A car crushed by a boulder twice its size
We decided to go ahead on foot. It was a clear, calm day. Birds sang, and the forested hillsides were lush and green. In other circumstances this would have been a place of great peace and beauty. But no sooner had we set out than stones rattled down a scree slope behind us in warning.
One landslide had created a temporary dam, with the fast-flowing river backed up behind it. It was no more than twenty or thirty feet high, but it was easy to understand the far larger obstacles that have been formed further to the north, and the danger they pose.
This small dam is dwarfed by much bigger ones to the north
As we continued, the state of the road grew worse. We passed places where chunks as big as skyscrapers had fallen from the tops of mountains and crashed down the vertical slopes and into the narrow gorge, bringing rocks the size of houses with them. Anywhere they fell these would have rubbed the road out like a pencil line, and a man caught beneath them would have had no more chance than an insect.

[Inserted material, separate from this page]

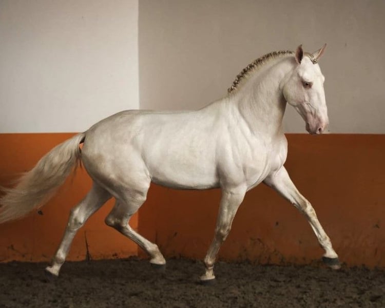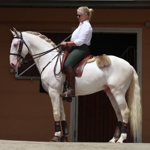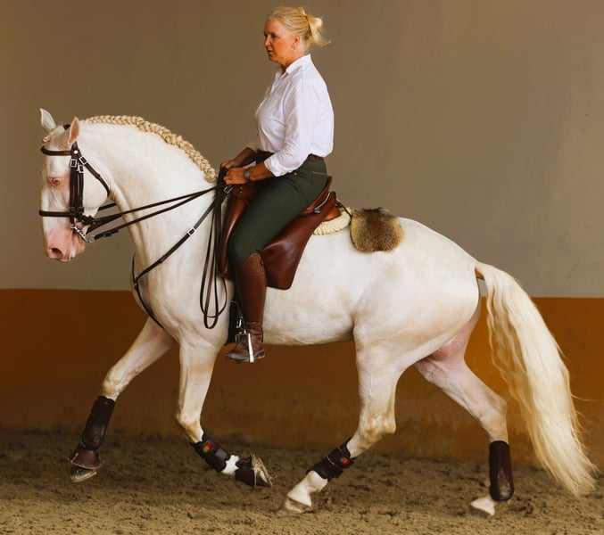 7 Jarige Lusitano ruin te koop Cremello met blauwe ogen. Is geschikt voor dressuur & Working Equitation. Kan ook springen. Looplustig paard met een fantastische galop. Te bezichtigen regio Amsterdam.

We reached a lay-by, formerly a scenic view-point, where another vehicle had been battered by rocks. With space to pass, and keen to push on a little further, we called our car to come forward.
At the end of the mountain pass we came to an area of habitation. Most of the roadside buildings had been destroyed – more by falling rocks than by the earthquake itself, it seemed. We passed a mountain holiday resort, now deserted. Eventually, at Hongkou Village, our reporters' credentials ran out, and grim-faced soldiers asked us to turn back.